Türk tarihinde sayısız bilge hükümdar ve yöneticiler çıkmıştır. Her birinin derin izler bıraktığı bir gerçektir. Bunların içinde sivil idaredeki başarıları, yaptığı planlar, ürettiği stratejiler, savaş meydanlarında gösterdiği cesaret ve askerlik yeteneği bakımından ünlü Gök Türk devlet adamı Tonyukuk çok dikkat çekmiştir.
Tonyukuk, her şeyden önce bilgeliği ile Türk tarihinde çok özel bir yere sahiptir. Gerçekleştirdiği bilgece hareketlerden dolayı hem kağanların ve yöneticilerin hem de milletinin saygınlığını da kazanmıştır.
Tonyukuk Yazıtları da 1897 yılında bulunduğu günden itibaren Türk dili uzmanları tarafından defalarca çalışılmıştır. Biz de bu çalışmada Çince tarihi metinlerde Tonyukuk ile ilgili bilgileri topladıktan sonra kendi yazdıkları ile bir araya getirdik. Tonyukuk’un içinde bulunduğu Gök Türk devlet modelinin Türk tarihini bütün halinde anlamakta çok değerli olmasını dikkate alarak böyle bir bölüm ilave ettik. Ayrıca Gök Türklerin meydana getirdikleri kağanlıkları ele aldık. Bu çalışmanın kendi alanına bilimsel bir farklılık getireceğine inanıyoruz.
Bilge’nin ülkede Budizm propagandasının yapılması, ve surlu şehirlerin inşa edilmesi yönündeki tekliflerine, Tonyukuk devlet meclisinde sebeplerini açıklayarak itiraz etti ve kabul ettirmedi.

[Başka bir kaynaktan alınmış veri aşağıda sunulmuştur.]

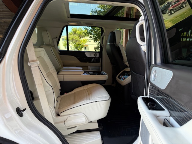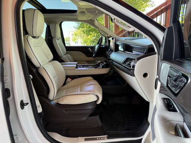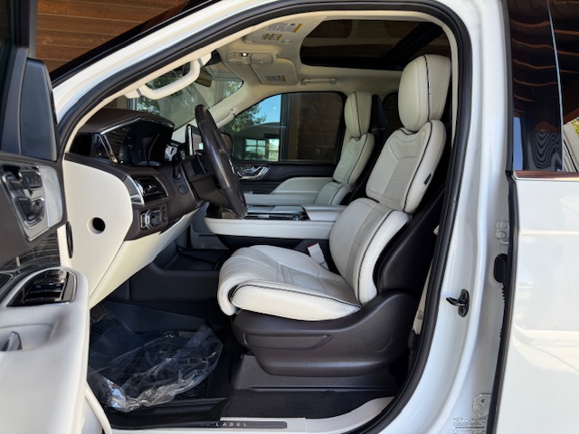 This is a 2021 Lincoln Navigator Black label edition 4×4 with the 450HP 3.5L twin turbo 6-cylinder engine and an 10-speed automatic transmission. It is pristine white in color with chalet theme leather interior and has 62,000 miles. It has all power options including heated and cooled front seats, heated rear bucket seats, factory navigation, heated steering wheel, power glass moonroof, second row rear entertainment/TV/DVD, Revel ultimate 20 speaker stereo, power adjustable seats, HUD heads up display, power third row fold-away seats, dual a/c and heat, LED headlights, fog lights, remote start, adaptive cruise control, wireless charging pad, adjustable pedals, 22-inch factory black wheels with nice Pirelli all-season tires, factory Class III tow package, privacy glass, roof rack and power running boards. This is a local Navigator that has been well maintained and has been non-smoker owned. CARFAX guaranteed, professionally serviced and detailed.

Bilge Kağan dostça insanları seven bir yapıya sahipti. Maiyetindekileri iyi yönetiyordu. Kül Tegin mükemmel bir savaşçı, iyi bir komutan idi. Tonyukuk ise çok cesur, yaşlı bilgili, tecrübeli olup, varlığı Çin için önemli büyük bir tehlikeydi. Bu üç kişi birbiriyle yakın dost idi ve daima ortak hareket ediyorlardı.
… İşte böyle bir anda Bilge, çareyi Tonyukuk’u işbaşına getirmekte buldu. Yetmiş yaşından fazla olan ve herkes tarafından hürmet edilen Tonyukuk engin devlet tecrübesine sahipti. O bundan sonra planlayıcı (Mou-chu) yani stratejist olacaktı. Daha önce boyuna dönmüş olan Tonyukuk geri çağrılmıştı.
Bir ara kendisini kağan ilan etmeyi düşünmüş olan Tonyukuk, şöyle bir değerlendirme yaptı: “Semiz boğa ile zayıf boğa uzakta böğürseler, hangisinin zayıf ya da hangisinin semiz olduğunun bilinemeyeceğini” ileri sürerek, kendince değerlendirme yaptığını anlatır. Sonra Tanrı’nın verdiği bilgiye göre karar verdiğini belirtir.
Gök Türkler hakkında iki yüzyıl boyunca her türlü haberi veren Çin kaynakları ve diğer tarihi kaynaklarda (Bizans, vs.) Gök Türklerin herhangi bir anlaşmayı bozduklarına dair hiçbir kayıt yoktur.
Gök Türk Devleti’nin batısını idare eden İstemi Yabgu’nun, çağdaşı ve komşu devletler olan Sasani ve Bizans’a gönderdiği elçi, aslen Soğd kavmine mensup Maniakh adlı bir kişiydi. Bu da, Gök Türklerin diğer milletlere ne kadar değer verdiğini, üstelik, elçilik vazifesi ile kendi devletlerini temsil etme yetkisi de verdiğini göstermektedir.
İstemi Yabgu Batı Türkistan bölgesini baştan başa fethederken hakimiyeti altına aldığı şehirlerin halkına gayet iyi davranıyordu. Hiçbir zaman Cengiz Han gibi eline geçirdiği şehirlerin ahalisine katliam yapmamıştı.
Gök Türk ülkesinde cari cezai hükümler şunlardı: - Zina yapan evlilerin cezası, idam. - Adam öldürmenin cezası, idam. - Soygun yapan, bağlı at çalanın cezası, idam. - Genç kızları aldatanlar ağır bir şekilde mal ile tazminat ödemek zorunda bırakıldıktan sonra, o kızla mutlaka evlenmesi gerekirdi. …
Tören sırasında kağanın boğazı bir ipek ile sarılır, sonra sıkılıp bırakılarak kaç sene kağanlık yapacağı sorulur. Kağan zor durumda kalarak kızarır, bozarır, söylediği sözler millet tarafından dikkatlice dinlenir, tasdik ve tahkik edilirdi.